Find the domain and the vertical and horizontal asymptotes. Separate your asymptote answers with commas, if there are multiple, or enter "DNE" if there are none. \( f(x)=\frac{-1}{x-4} \) Domain: Vertical asymptote(s): \( x= \) Horizontal asymptote(s): \( y= \)

To analyze the function \( f(x) = \frac{-1}{x-4} \), we will determine the domain, vertical asymptotes, and horizontal asymptotes. ### Domain: The domain of a function is the set of all possible input values (x-values) for which the function is defined. The function \( f(x) \) is undefined when the denominator is zero.

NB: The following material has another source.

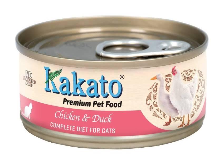 Kakato 雞肉鴨肉全貓糧罐頭是一款專為貓咪設計的優質寵物食品。從圖片中可見,這款貓糧罐頭以雞肉和鴨肉為主要成分,提供貓咪所需的完整營養。罐頭上標示「Premium Pet Food」,強調其優質的品質。此外,罐頭上還特別標註「NO FLAVOURING ADDED」,表示不含人工調味劑,讓貓咪吃得更健康。罐頭設計方便開啟,適合各種年齡段的貓咪食用。

Set the denominator equal to zero to find the restriction: \[ x - 4 = 0 \implies x = 4 \] Thus, the function is undefined at \( x = 4 \). Therefore, the domain is all real numbers except \( x = 4 \): \[ \text{Domain: } (-\infty, 4) \cup (4, \infty) \] ### Vertical Asymptote: Vertical asymptotes occur where the function approaches infinity or negative infinity, typically where the denominator is zero (and the numerator is not zero). Since we found that the function is undefined at \( x = 4 \), there is a vertical asymptote at: \[ \text{Vertical asymptote: } x = 4 \] ### Horizontal Asymptote: Horizontal asymptotes describe the behavior of the function as \( x \) approaches infinity or negative infinity. For rational functions, if the degree of the numerator is less than the degree of the denominator, the horizontal asymptote is \( y = 0 \). In this case, the numerator is a constant (degree 0) and the denominator is linear (degree 1). Therefore, as \( x \) approaches infinity or negative infinity, \( f(x) \) approaches 0: \[ \text{Horizontal asymptote: } y = 0 \] ### Summary: - **Domain:** \( (-\infty, 4) \cup (4, \infty) \) - **Vertical asymptote(s):** \( x = 4 \) - **Horizontal asymptote(s):** \( y = 0 \) So, the final answers are: - Domain: \( (-\infty, 4) \cup (4, \infty) \) - Vertical asymptote(s): \( x = 4 \) - Horizontal asymptote(s): \( y = 0 \)